Content starts
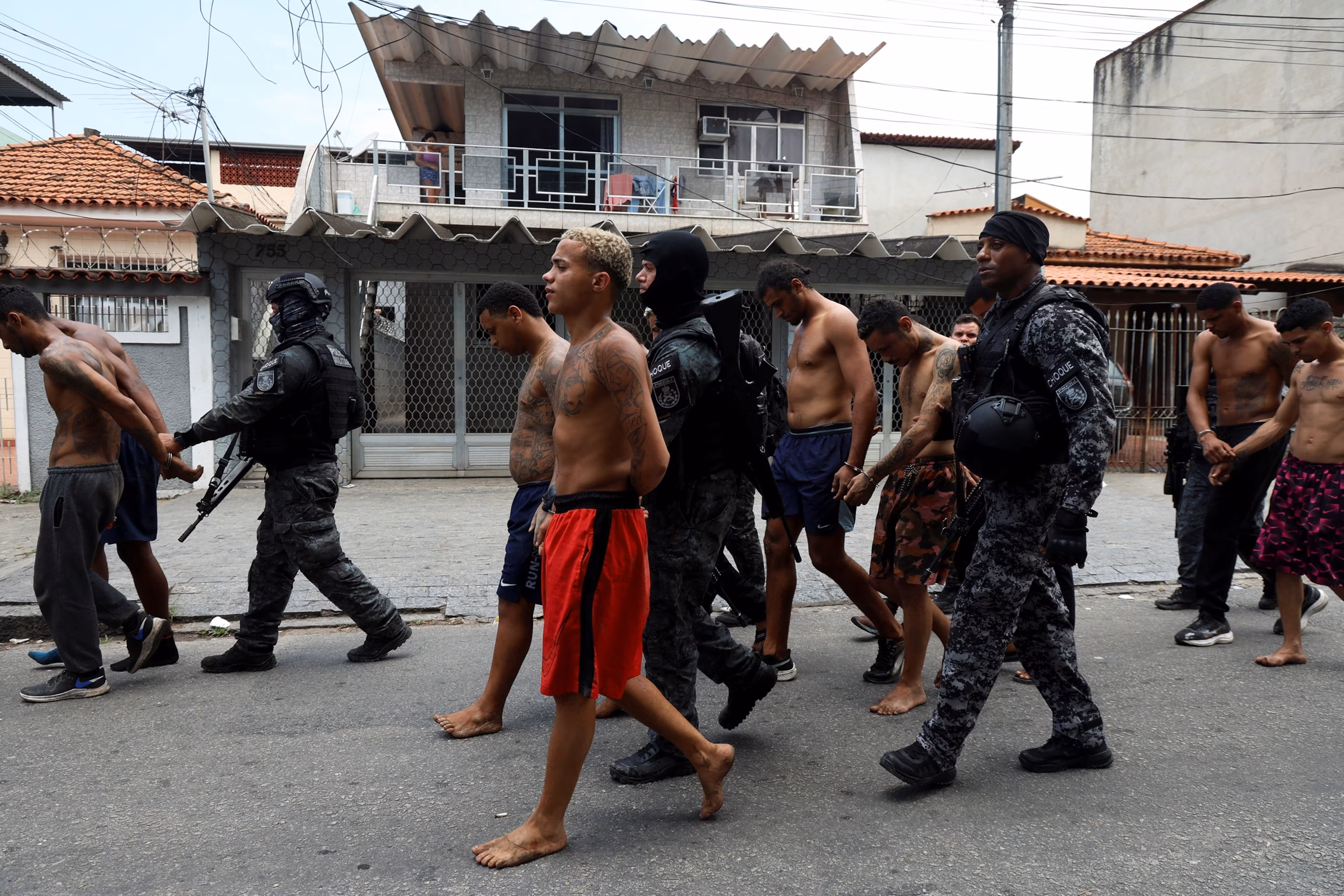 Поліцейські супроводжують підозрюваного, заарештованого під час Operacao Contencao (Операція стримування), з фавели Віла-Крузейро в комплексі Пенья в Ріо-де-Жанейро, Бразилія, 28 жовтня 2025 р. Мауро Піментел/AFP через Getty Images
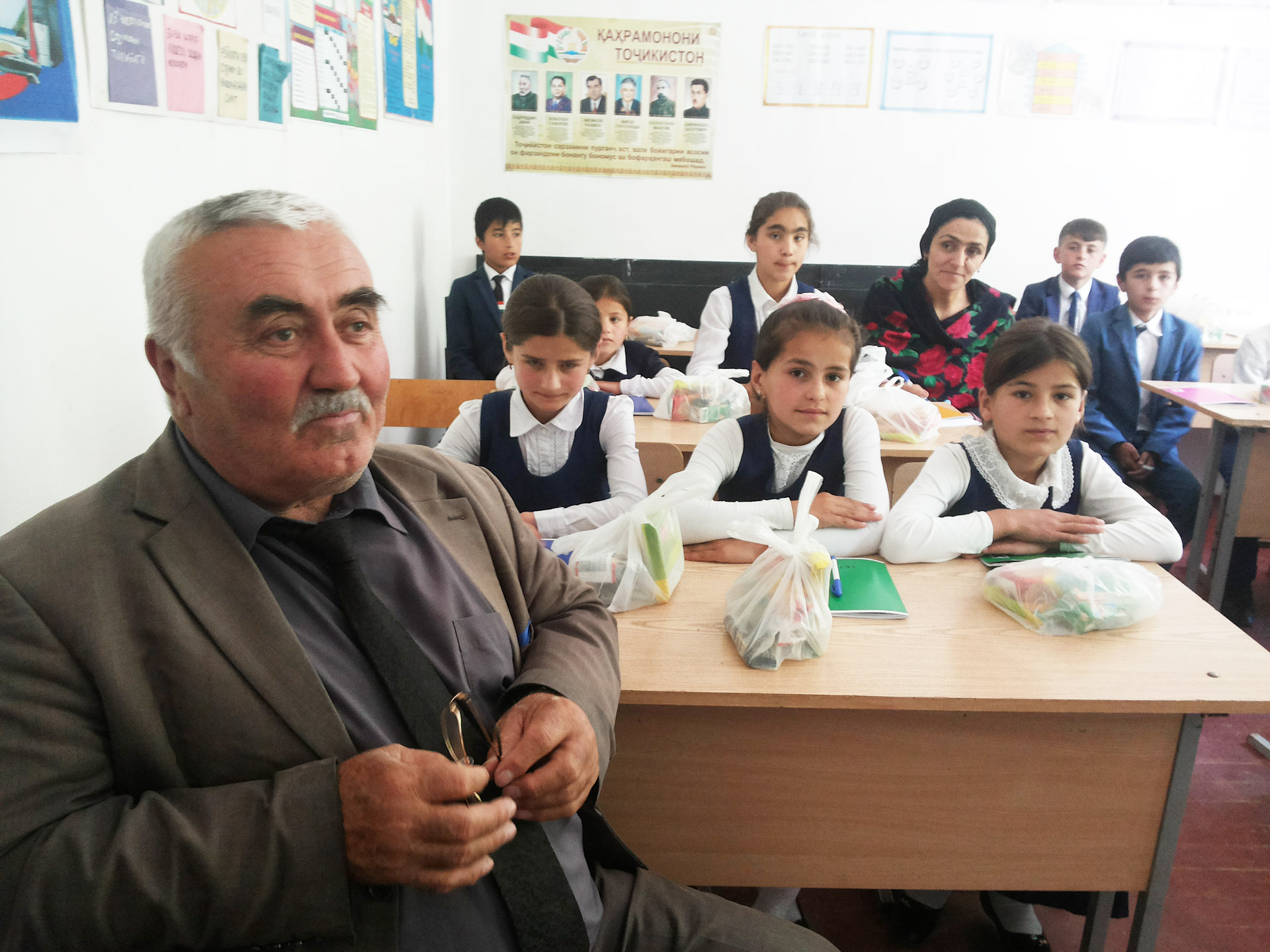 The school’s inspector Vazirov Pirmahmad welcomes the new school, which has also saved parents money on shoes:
Content ends
Content starts
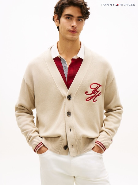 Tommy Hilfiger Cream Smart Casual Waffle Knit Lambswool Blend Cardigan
Content ends
Content starts
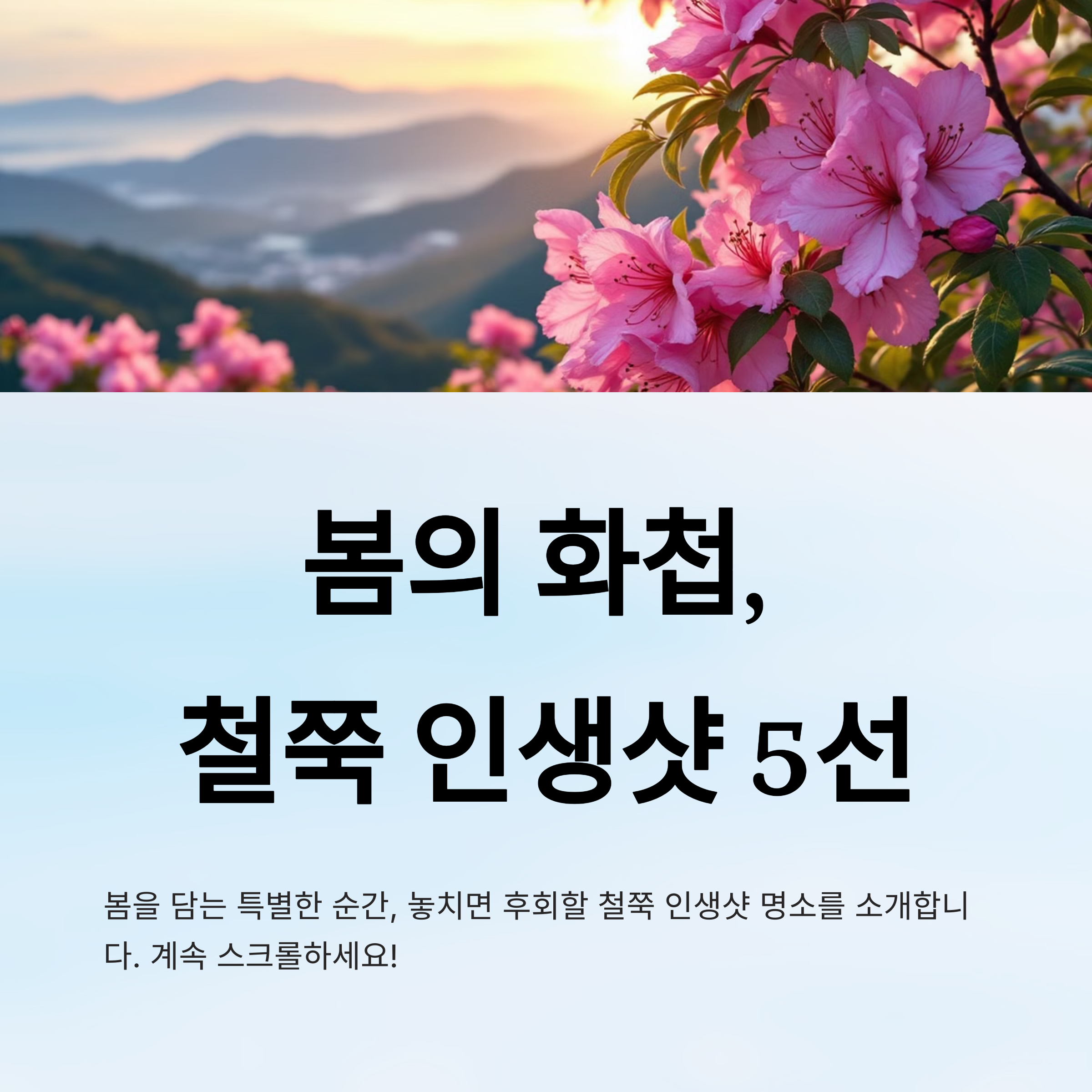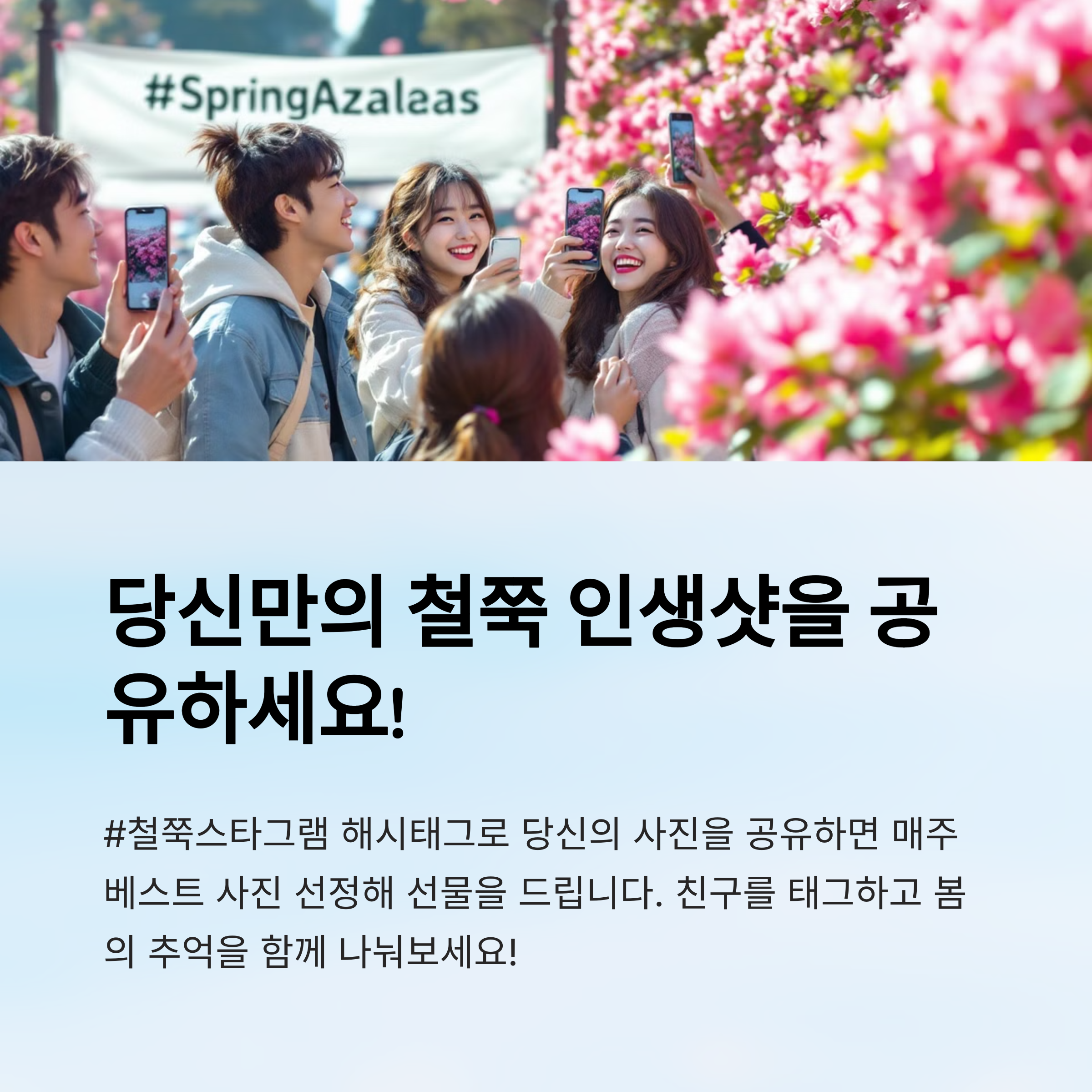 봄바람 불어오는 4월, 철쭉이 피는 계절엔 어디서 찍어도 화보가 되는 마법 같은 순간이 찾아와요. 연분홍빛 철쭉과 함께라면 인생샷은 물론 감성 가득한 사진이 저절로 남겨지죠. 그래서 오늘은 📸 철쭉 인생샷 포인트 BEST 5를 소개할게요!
Content ends
How to complete this task: In the data above, find the line with "Поліцейські супроводжують підозрюваного, заарештованого" and the line with "The school’s inspector". Please copy exactly those two lines and every line between them, but not the pictures.

Written answer:
 Поліцейські супроводжують підозрюваного, заарештованого під час Operacao Contencao (Операція стримування), з фавели Віла-Крузейро в комплексі Пенья в Ріо-де-Жанейро, Бразилія, 28 жовтня 2025 р. Мауро Піментел/AFP через Getty Images
 The school’s inspector Vazirov Pirmahmad welcomes the new school, which has also saved parents money on shoes:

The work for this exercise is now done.